Question

The cube of 99 is 970299, which ends with 99. Consider the smallest two-digit number whose cube ends with the original two-digit number.

Answer 1

[AI-generated answer — Bot GPT 3.5]

Let $n$ be the two-digit number whose cube ends with $n$. In other words, $n^3 \equiv n \pmod{100}$. Since $n^3 \equiv n \pmod{100}$, we must have $n^3 \equiv n \pmod{25}$ and $n^3 \equiv n \pmod{4}$. Therefore, we can find a two-digit number whose cube ends with $n$ by finding a two-digit number such that $n^3 \equiv n \pmod{25}$ and $n^3 \equiv n \pmod{4}$.

Using the Chinese Remainder Theorem, we want to find the number $n$ such that $n^3 \equiv n \pmod{100}$. This is equivalent to finding $n$ such that $n^3 \equiv n \pmod{25}$ and $n^3 \equiv n \pmod{4}$.

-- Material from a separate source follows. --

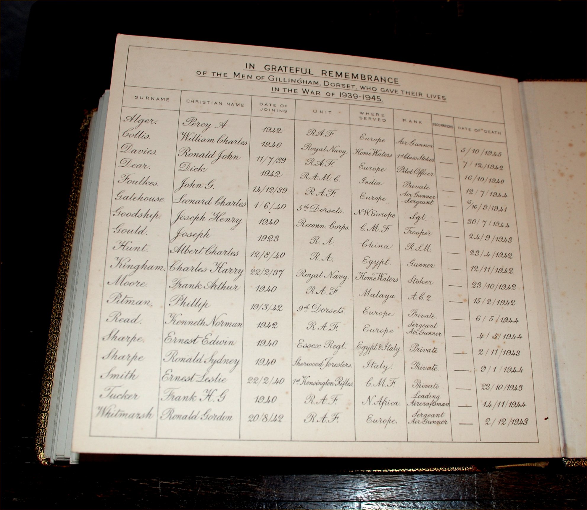 In Grateful Remembrance of the men of Gillingham, Dorset, who gave their lives in the War of 1939-1945

Consider the integers from $0$ to $24$:
$0, 1, 2, 3, 4, \ldots, 23, 24$.

We test each integer, squaring and multiplying by the integer until powers of integers repeat using the algorithm below.
\begin{align*}
0 &\implies 0^2 \equiv 0 \pmod{25} \equiv 0 \\
1 &\implies 1^2 \equiv 1 \pmod{25} \equiv 1 \\
2 &\implies 2^2 \equiv 4 \pmod{25} \equiv 4 \\
3 &\implies 3^2 \equiv 9 \pmod{25} \equiv 9 \\
4 &\implies 4^2 \equiv 16 \pmod{25} \equiv 16 \\
5 &\implies 5^2 \equiv 0 \pmod{25} \equiv 0 \\
6 &\implies 6^2 \equiv 1 \pmod{25} \equiv 1 \\
7 &\implies 7^2 \equiv 4 \pmod{25} \equiv 4 \\
8 &\implies 8^2 \equiv 9 \pmod{25} \equiv 9 \\
9 &\implies 9^2 \equiv 16 \pmod{25} \equiv 16 \\
10 &\implies 10^2 \equiv 0 \pmod{25} \equiv 0 \\
11 &\implies 11^2 \equiv 1 \pmod{25} \equiv 1 \\
12 &\implies 12^2 \equiv 4 \pmod{25} \equiv 4 \\
13 &\implies 13^2 \equiv 9 \pmod{25} \equiv 9 \\
14 &\implies 14^2 \equiv 16 \pmod{25} \equiv 16 \\
15 &\implies 15^2 \equiv 0 \pmod{25} \equiv 0 \\
16 &\implies 16^2 \equiv 1 \pmod{25} \equiv 1 \\
17 &\implies 17^2 \equiv 4 \pmod{25} \equiv 4 \\
18 &\implies 18^2 \equiv 9 \pmod{25} \equiv 9 \\
19 &\implies 19^2 \equiv 16 \pmod{25} \equiv 16 \\
20 &\implies 20^2 \equiv 0 \pmod{25} \equiv 0 \\
21 &\implies 21^2 \equiv 1 \pmod{25} \equiv 1 \\
22 &\implies 22^2 \equiv 4 \pmod{25} \equiv 4 \\
23 &\implies 23^2 \equiv 9 \pmod{25} \equiv 9 \\
24 &\implies 24^2 \equiv 16 \pmod{25} \equiv 16 \\
\end{align*}
Since $5^2 \equiv 0 \pmod{25}$, $10^2 \equiv 0 \pmod{25}$, $15^2 \equiv 0 \pmod{25}$, and $20^2 \equiv 0 \pmod{25}$, it follows that the set of residues generated by squaring numbers modulo $25$ is $\{0, 1, 4, 9, 16\}$.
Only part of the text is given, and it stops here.